Reflections 2023: Indian sustains fastest GDP growth rate tag
GDP Growth Rate
- GDP growth rate for the first 3 quarters of FY25 is 6.7%t, 6.5%t, and 6.4% respectively
- Global GDP growth could be 2.6% in FY24 and 2.1% in FY25
- IIP growth accelerated to 16-month high of 11.7% in October
Indian economy through 2023 surpassed street expectations as GDP grew 7.6 per cent in Sept quarter (Q2/FY24). The Reserve Bank of India (RBI) revised its forecast for India’s GDP growth, projecting a growth rate of 7 per cent for FY24, with 6.5 per cent and 6 per cent growth rates for Q3 and Q4, respectively.
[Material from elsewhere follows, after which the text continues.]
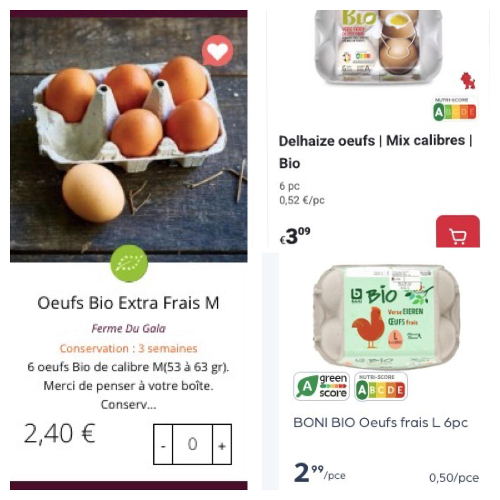 > Ignace de la Ferme du Gala n'avait pas touché au prix de ses oeufs depuis des années... avec la crise pétrolière, il faut être réaliste, une augmentation devait avoir lieu. On ne trouve plus depuis bien longtemps 6 oeufs bio à 2.18€ nulle part... alors même si nous sommes en circuit-court et que ce mode de consommation est de loin moins cher, les 6 oeufs bio seront dorénavant à 2.40€ afin de permettre à Ignace de gérer les augmentations des charges liées à la crise aviaire et aux gazole nécessaire pour ses tracteurs et la production des céréales. | | |

The GDP growth rate for the first three quarters of FY25 is estimated at 6.7 per cent, 6.5 per cent, and 6.4 per cent respectively.
The GDP growth forecast has been estimated under the assumption that global GDP growth could be 2.6 per cent in FY24 and 2.1 per cent in FY25.
Banks’ aggregate deposits increased by 12.2 per cent YoY as of December 1, higher than 9.3 per cent a year ago, whereas credit growth–excluding the impact of the HDFC twins merger–moderated from 17.5 per cent a year ago to 16.4 per cent as on December 1.
India's industrial production (IIP) growth accelerated to 16-month high of 11.7 per cent in October, mainly due to double-digit growth in manufacturing, power and mining sectors’ output. During April-October 2023-24, the IIP growth works out to be 6.9 per cent, up from 5.3 per cent in the corresponding period a year ago.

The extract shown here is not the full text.